Я не хотел всего этого слушать. Мне показалось, что мать назвала ее паучихой. Это верно, когда она была помоложе, она походила на маленького красного паучка. Однажды я видел такого на самшите или, может быть, на ветке кипариса. Крохотный паучок, этакий прыщик; я очень долго наблюдал, изучал его: забравшись на влажный листик, он не шевелился, он, казалось, был не способен сплести даже самую крошечную паутинку; я счел его до крайности странным и даже красивым. В конце, желая к нему прикоснуться, я его раздавил.

– Все время секреты, – сказала мать, – и, по сути, что за секреты? Просто ерунда.

– Замолчи, ты распорядилась своей жизнью так, как хотела.

– Моя жизнь! Что вы можете сказать о моей жизни? Естественно, вы спешите меня осудить; вы ничего не знаете и судите со всем своим неведением, со всем бессердечием. А ты, ты считаешь себя выше других, только ты справедлива, верна, средоточие всех добродетелей.
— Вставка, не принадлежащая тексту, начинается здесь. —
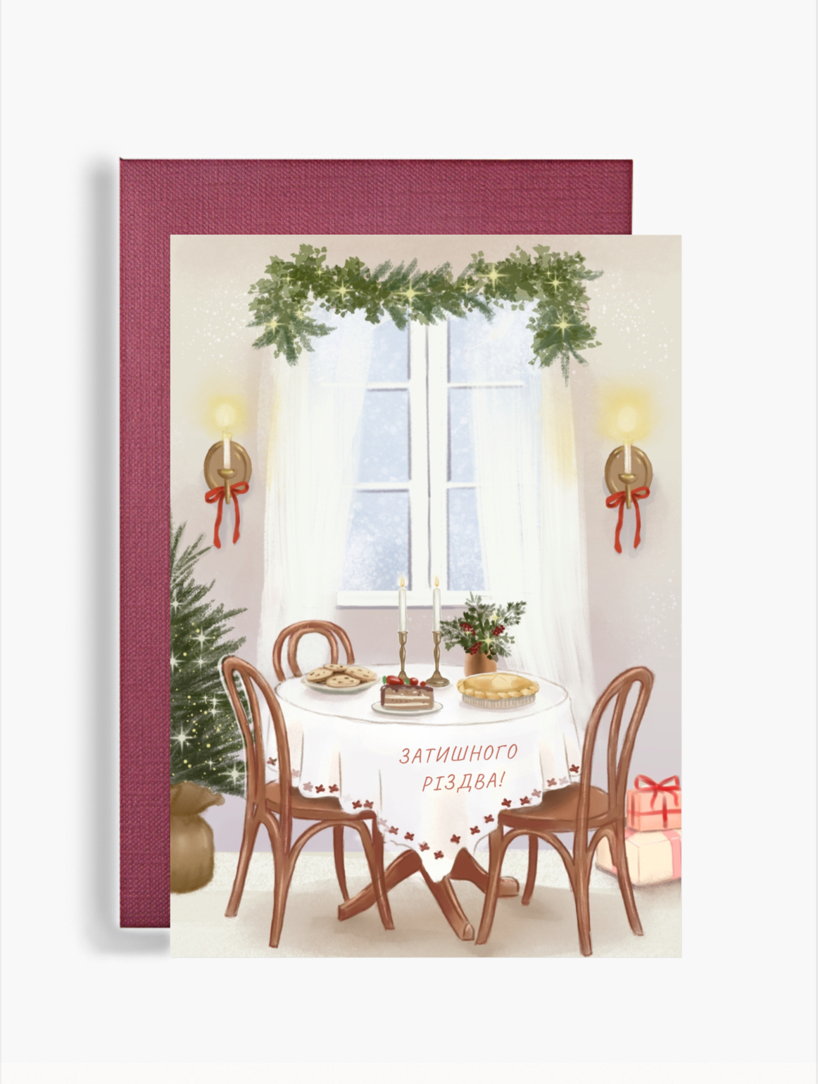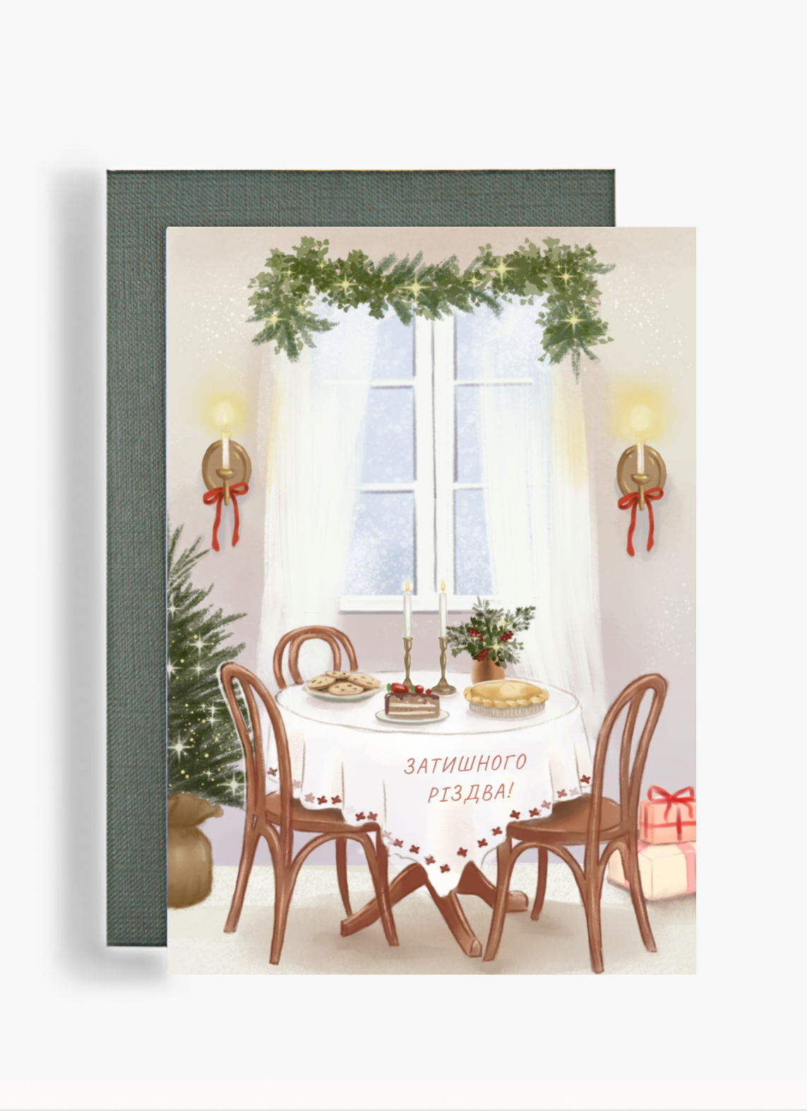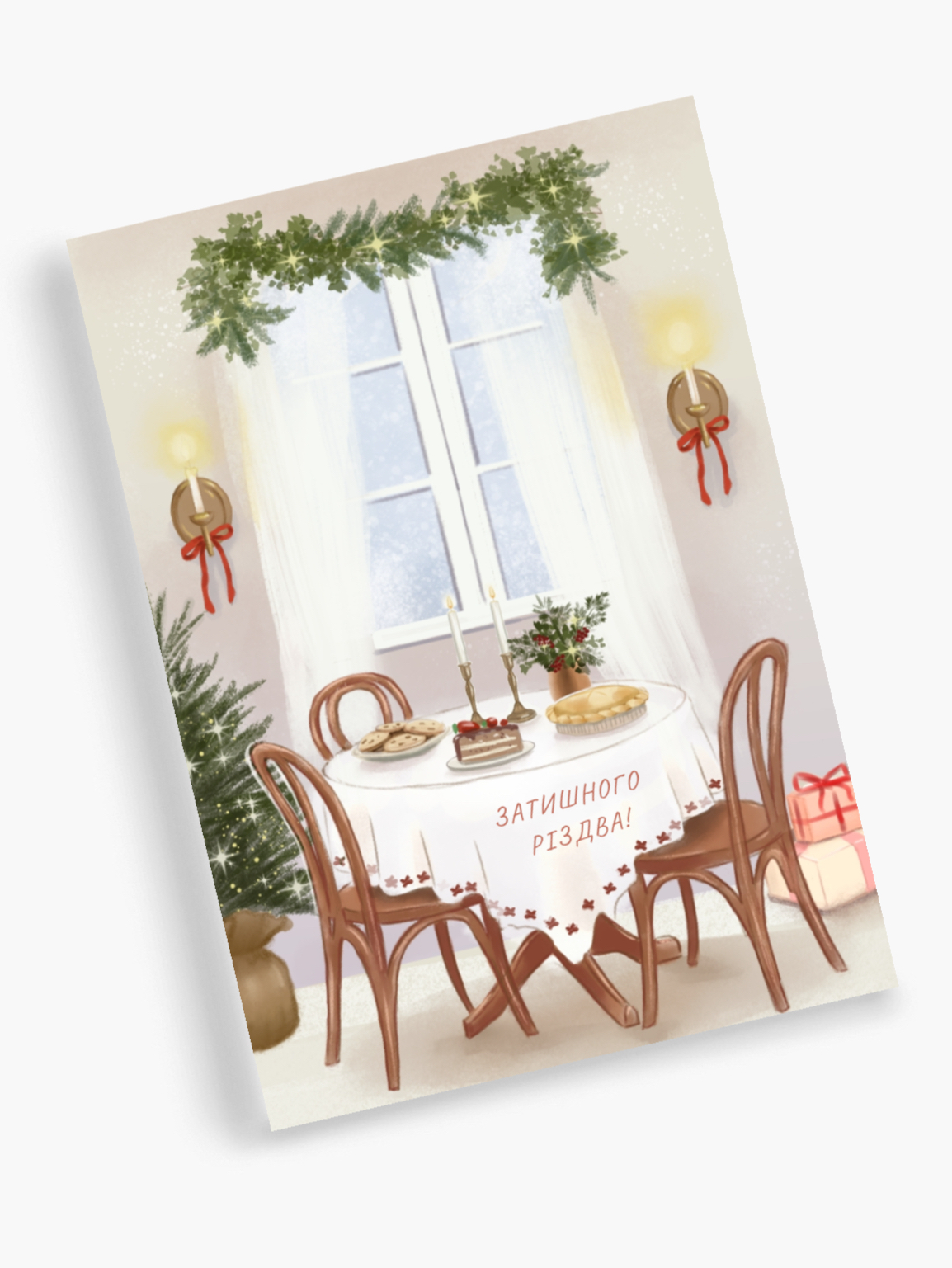 Листівка «Різдво» — це не просто папір, а крихітний світ зимової казки. Її витончена ілюстрація із затишним різдвяним столом, що сяє в теплому світлі, одразу створює відчуття спокою та очікування дива. Кожна деталь — від чашки на столі до маленьких прикрас — наповнює душу теплом.

– Замолчи, – тихо сказала Луиза.

– Ты не должна говорить: замолчи. Возможно, для тебя было бы лучше, чтобы я замолчала или забыла кое о чем. Нет, ты не средоточие всех добродетелей, отнюдь: говорю тебе это не со злобой, а с печалью, потому что это печально, у тебя плохой характер, в тебе есть что-то дурное, и то, что произошло наверху, – да, действительно, лучше замолчать. Но, по крайней мере сегодня, оставь своего брата в покое, с ним нужно быть бережнее. Что у тебя на уме? Что тебе нужно? Боюсь даже представить.

– Замолчи, – тихо сказала Луиза.

Красная ткань, вновь обретя зримость, с тихим звуком перебиралась от дерева к дереву. Странный звук, этот шорох ткани. Он влек меня за собой. Я встал, чтобы пойти следом.

– Ты уходишь, – робко сказала мать.

– Да, по-моему, пора вернуться в дом.

– Побудь еще чуть-чуть, буквально минутку. Я сожалею обо всех этих, таких неприятных, сценах, но не надо преувеличивать их значение. Луиза сходит с ума от гордыни, она такая необузданная. Когда ей говорят о ее плохом характере, она отвечает: «Я холодна и лицемерна», потому что однажды я упрекнула ее в лицемерии и холодности. Но она скорее как пламя. В сущности, я ее не понимаю. У нее представления маленькой девочки, только и всего. Она когда-нибудь говорит обо мне?

– Иногда.

– И наверху, как это получилось? Уже десять лет, как я туда не заходила. Ни я, ни кто-либо другой. Никто не имеет права туда проникнуть, даже кошки. Это ребячество, она как маньяк.

– Даже кошки?

– Да. Что ты на это скажешь? Я, пожалуй, расскажу тебе кое-что по этому поводу, историю, случившуюся два или три года назад. У нас тогда был великолепный кот. Ты же помнишь это, своего… в общем, кошек здесь всегда любили. В виде исключения – ибо, как правило, животные ее не любят – этот кот страстно привязался к Луизе; к ее неудовольствию следовал за ней по пятам; едва ее заметив, спускался со своего трона и устремлялся к ней. Она, как водится, не обращала на это ника-кого внимания. В один прекрасный день он исчез, и никто его больше не видел. Что с ним случилось? Его не украли, он никогда не уходил, не покидал дом, разве что выбирался иногда в сад. У меня нет доказательств, но…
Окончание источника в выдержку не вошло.